Eso afecta a los responsables políticos, pues son, directa o indirectamente, poderes públicos y más en este momento de interinidad y de crisis institucional.

Hemos estado hoy, durante muchas horas, pendientes de que unos señores decidan, después de más de cuatro meses de que podían haberlo hecho, si aceptan o no unos puntos de un pretendido acuerdo para formar gobierno de esto que llamamos España,  que es, obviamente, algo mucho más serio de lo que algunos pueden creer.

Al final ha sido que no, pero podría haber sido que sí, porque todo dependía de la decisión programática de un responsable de un partido, o de varios, sobre lo que otro propuso o ha propuesto ahora ex novo, pero que, sin duda, podría haber sido algo totalmente opuesto o diferente.

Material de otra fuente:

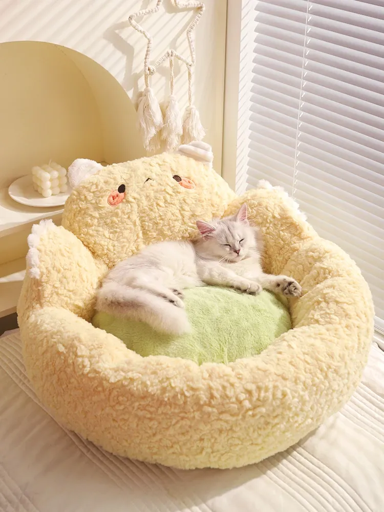 Cozy Plush Cat Bed for Winter - Safe and Warm Circular Cat Mat - Universal for All Seasons - Adorable Sofa Bed for Kittens - Perfect for Autumn and Winter Comfort

Todos  esos políticos que han intervenido en ese juego de la ruleta rusa, quiero creer, desconocen lo que es la seguridad jurídica, la responsabilidad y la interdicción de la  arbitrariedad de ellos, que son "poderes públicos". Si lo hubieran conocido, estoy seguro que nos habrían evitado el espectáculo.

Valentín Cortés

 

lunes, 25 de abril de 2016


25 de Abril de 2016

La denuncia tributaria

He leído en www.expansion.com que Podemos propone, entre otras cosas, que los inspectores fiscales  actúen de incógnito y que los denunciantes tributarios sean recompensados.

Nuestra civilización, me imagino que con gran esfuerzo, superó el proceso inquisitivo, cuyos ejes, además del secreto de las actuaciones, la tortura, la prueba formal y legal, amén de otros del mismo tenor, incluía la delación o la denuncia anónima y secreta y recompensada, sin responsabilidad para el denunciante. Nuestro sistema sancionatorio actual no puede incidir en esos errores y vicios, lo que me recuerda la llamada  a los inspectores de incognito o la recompensa por la delación o la denuncia.

Considero que, incluso, la redacción que acoge el art. 114 de la Ley General Tributaria es lo suficientemente deficitaria de garantías, pues permite implícitamente la denuncia anónima e impide la intervención del denunciante en el expediente sancionatorio, para que queramos enmendarla y empeorarla  llenándola de esencias  puramente inquisitivas.